July 16, 2013
BY HIS OWN FORMULATION...:
High tech and the long road to 'full employment' (Robert J. Samuelson, July 14, 2013, Washington Post)
It's usually seen as an engine of growth, but the spread of automated processes and robots has actually acted as a drag on job creation and has kept the unemployment rate high (7.6 percent in June), argue Erik Brynjolfsson and Andrew McAfee of the Massachusetts Institute of Technology. Digital technologies, they contend, have enabled companies to cut costs, increase productivity (i.e., efficiency), improve profits and slash payrolls. They expect more of the same."The MIT academics foresee dismal prospects for many types of jobs as these powerful new technologies are increasingly adopted not only in manufacturing, clerical and retail work but in professions such as law, financial services, education and medicine," wrote David Rotman in an informative story in the MIT Technology Review. A gap has opened between productivity increases and employment growth, goes the theory. If it persists, it would confound economic history. [...]It's a stretch to see digital technologies as a major source of today's unemployment.

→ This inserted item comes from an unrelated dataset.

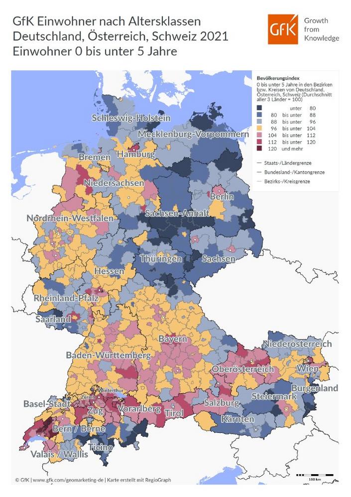 Das GfK Bild des Monats für Mai zeigt die regionale Verteilung der Babys und Kleinkinder bis vier Jahre in der DACH-Region im Jahr 2021.

In the recession, the economy lost 8.7 million jobs. Most were non-digital, concentrated in construction, finance, retailing and manufacturing. What seems less dubious is that, in a permanently sluggish economy, firms might favor digital investments that shave costs and sustain profits. McAfee envisions warehouses maintained by robots, trucks driven by computers and automated language translations. The digital revolution could stymie job growth.
...the alternative is hiring that adds costs and reduces profits. Which is all we need to know about the future of jobs.